- [Task objective]: Your copy should repeat each record below exactly and contain no images.

Excerpts from a dataset
--------------------------------
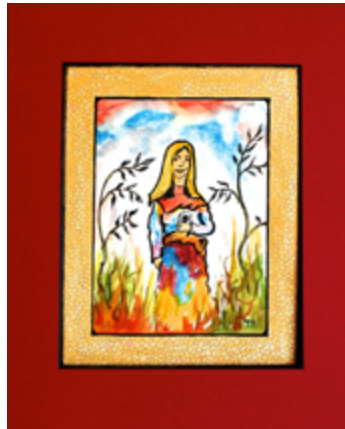
Lady in the Garden
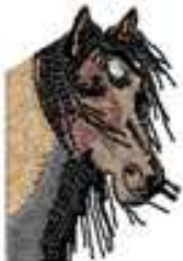
ANFA 0211 / 6800 Sts
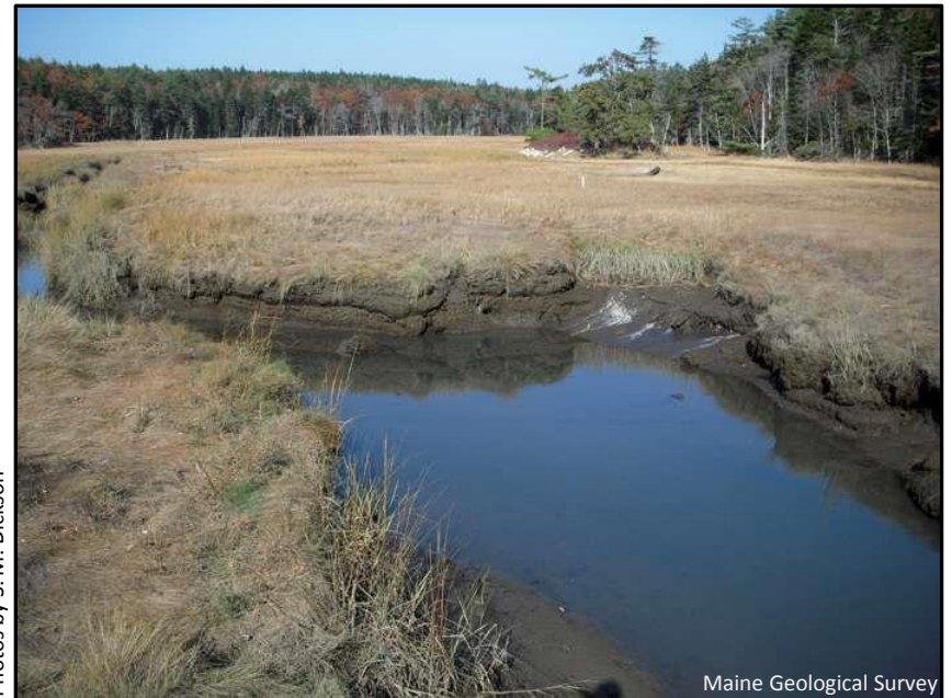
Figure 3. (Left) The path crosses the Sprague River and salt marsh. A culvert allows tidal currents to flow beneath the path. This is an area where Bates College, The Nature Conservancy, the Small Point Association, The Natural Resources Conservation service and others began a salt marsh restoration effort in 2002. (Right) A view of Sprague River channel.
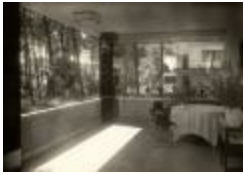
Masters' House Interior (2019.3.8)
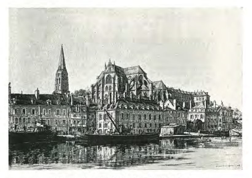
Auxerre (15 x 10<sup>1</sup>/<sub>2</sub>), Muirhead Bone, N.E.A.C.
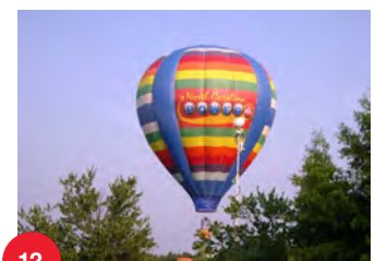
12. The North Carolina Education Lottery launches a hot air balloon over the Raleigh claim center to commemorate the start of Powerball sales in the state on May 30, 2006.
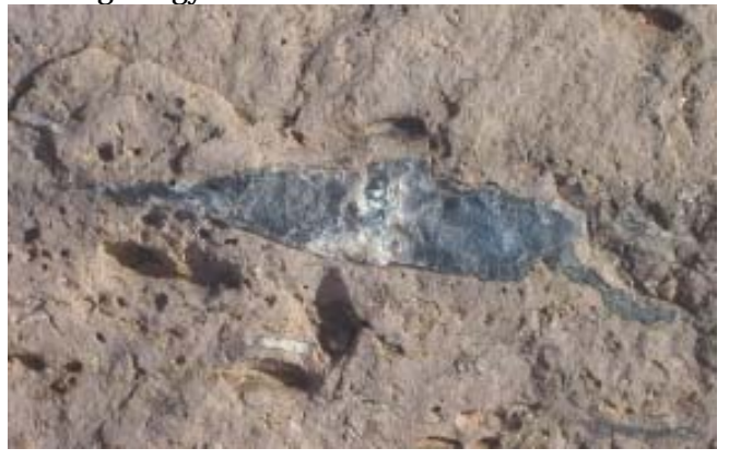
Balmorhea agate in andesite (built into the dam)

We drove through craggy hills with steep, ragged escarpments which reminded us of moon-scape photos with contrasting black, then red soils. Once we reached Balmorhea Lake, the private campground store sold only a few fishing necessities, sodas, rockhunting permits (required!), and ice. The attendant pointed us toward the hunting area, but no map or published literature was available at the store. A lot of the surrounding area is private land, so check before you collect! Bring your own rockhounding locations book for information on the area's geology.
--------------------------------
- [Answer box]:
Lady in the Garden
ANFA 0211 / 6800 Sts
Figure 3. (Left) The path crosses the Sprague River and salt marsh. A culvert allows tidal currents to flow beneath the path. This is an area where Bates College, The Nature Conservancy, the Small Point Association, The Natural Resources Conservation service and others began a salt marsh restoration effort in 2002. (Right) A view of Sprague River channel.
Masters' House Interior (2019.3.8)
Auxerre (15 x 10<sup>1</sup>/<sub>2</sub>), Muirhead Bone, N.E.A.C.
12. The North Carolina Education Lottery launches a hot air balloon over the Raleigh claim center to commemorate the start of Powerball sales in the state on May 30, 2006.
Balmorhea agate in andesite (built into the dam)

We drove through craggy hills with steep, ragged escarpments which reminded us of moon-scape photos with contrasting black, then red soils. Once we reached Balmorhea Lake, the private campground store sold only a few fishing necessities, sodas, rockhunting permits (required!), and ice. The attendant pointed us toward the hunting area, but no map or published literature was available at the store. A lot of the surrounding area is private land, so check before you collect! Bring your own rockhounding locations book for information on the area's geology.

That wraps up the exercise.